Civil Rights In 1956 Dr. Martin Luther King, Jr. gained national television coverage as the leader of the Montgomery Bus Boycott beginning in 1955 when Rosa Parks, an African-American woman, refused to obey the segregation law that blacks sit in the back of Montgomery, Alabama’s city buses. During the boycott, African-Americans refused to ride on the city buses to protest racially segregated seating. By the end of 1956, the Supreme Court used the Brown decision as precedent and ruled that racial segregation on city buses was unconstitutional, because it denied Montgomery’s black citizens “equal protection of the laws.”

In August 1963 several civil rights organizations planned a March on Washington to lobby Congress for passage of major civil rights legislation. Approximately, 250,000 Americans attended this event. Dr. Martin Luther King, Jr. inspired millions of Americans and became the national leader of the civil rights movement when he delivered his “I have a dream” speech.

“I have a dream,” said Dr. King, that one day on the red hills of Georgia the sons of former slaves and the sons of former slaveowners will be able to sit down together at the table of brotherhood….I have a dream that my four children will one day live in a nation where they will not be judged by the color of their skin but by the content of their character. I have a dream today….From every mountainside, let freedom ring. And when we allow freedom to ring, when we let it ring from every village, from every hamlet, from every state and every city, we will be able to speed up the day when all God’s children, black men and white men, Jews and Gentiles, Protestants and Catholics, will be able to join hands and sing in the words of the old Negro spiritual: ‘Free at last! Free at last! Thank God almighty, we are free at last!’

The 1963 March on Washington helped influence public opinion to support major civil rights legislation. It also demonstrated the power of non-violent, mass protest, which Dr. King had urged throughout his career.

President John F. Kennedy was assassinated in November 1963 and Lyndon B. Johnson became President. President Johnson played an important role in the passage of the 1964 Civil Rights Act, the 1965 Voting Rights Act, and the Civil Rights Act of 1968.

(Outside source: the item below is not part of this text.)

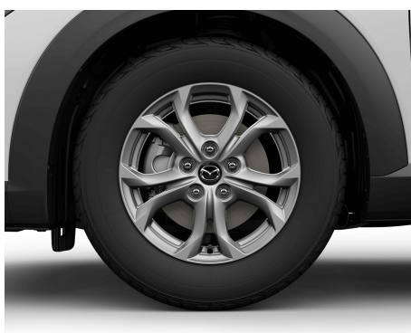
OBRĘCZE ALUMINIOWE SILVER 16

The Civil Rights Act of 1964 1) Outlawed discrimination based on race, religion, and sex by employers. 2) It outlawed racial, religious and sex discrimination in public places (made it illegal to segregate public buildings or schools) and made it illegal for hotels, motels, and restaurants to deny service to customers because of their race. 3) Third, it gave the federal government more power to enforce all the laws governing civil rights.

Voting Rights Act of 1965 Outlawed literacy tests (to determine if a voter could read and write) as a requirement for voter registration. Southern states has used literacy tests as a way to deny the right to vote . Second, the Voting Rights Act sent federal registrars to the South to register voters. This act resulted in a large increase in the number of African-American voters throughout the South.

Civil Rights In 1968 Dr. Martin Luther King, Jr. was assassinated. In Dr. King’s memory President Johnson persuaded Congress to pass a third major civil rights law. The Civil Rights Act of 1968 prohibited racial discrimination in the sale or rental of housing. With Dr. King’s death and passage of federal open housing legislation the United States entered a new era in its history.